Шевельнув рыжими волохатыми бровями и не решаясь откашляться, Игнатий, сипя, прочитал:
– Дело за нумером 2630. «Об Иване Тревогине… распускавшем про себя в городе Париже нелепые слухи…»
– Париж – городишко французский. Сперва французы слухам тем не верили. А недавно – как взбеленились! Снаряжают отряд. Искать на острове Борнео указанное Ванькой Офирское царство.
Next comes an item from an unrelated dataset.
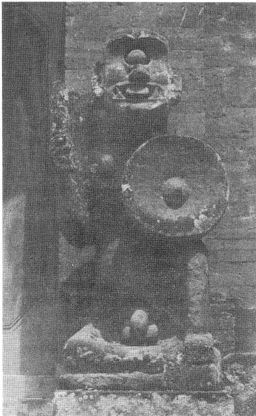
Figure 3: Ancestor statue in Pura Dalem, Celuk, Gianyar

the island (Table 1). All such statues are preserved in temples, except for those from Buleleng. Tentatively, I suggest that the functions of the statues are connected with the following activities:

Чти далее.
– «…по делу Ивана Тревогина, доставленного из Парижа в Санкт-Петербург в сопровождении тайного агента господина Обрескова, а также инспектора французской полиции мосье Ланпре, и определенного в Петропавловскую крепость, прочитав все его гистории и сказки, государыня повелела: «Выпустить секретного арестанта Тревогина…» Тут пропуск!
– Так надо. Чти далее. – Голос Шешковского стал сух невыносимо.
– «…а как в смирительном доме вел себя Тревогин подобающе, то, продержав его там еще с полгода, отдать в Тобольский полк солдатом, под особый надзор».
– Сам я Ваньке про этот указ недавно и рассказал. Обрадовал подлеца. А он – возьми да и выпусти птицу!
– Тут дело ясное. Упекут Ваньку в Тобольск, навряд ли назад вернется. И скворец в Сибири пропадет. Вот Ванька и решил: дескать, сам сгину, так хоть птицу в Москву отправлю.
– Дурак! Ванька сгинет – записки его останутся. Матушка-государыня уничтожать их не велела. Для истории, сказала, сгодятся. А тут еще скворец ученый… Что он про наши времена и про государыню болтать станет, ежели Голосов овраг и расселина взаправду с иными временами соединяются? Так что ноги в руки – и в Москву! Листки эти сжуй и проглоти. Для тебя одного с дела копию сняли. Савве и Акимке про тайный смысл дела – ни словечка!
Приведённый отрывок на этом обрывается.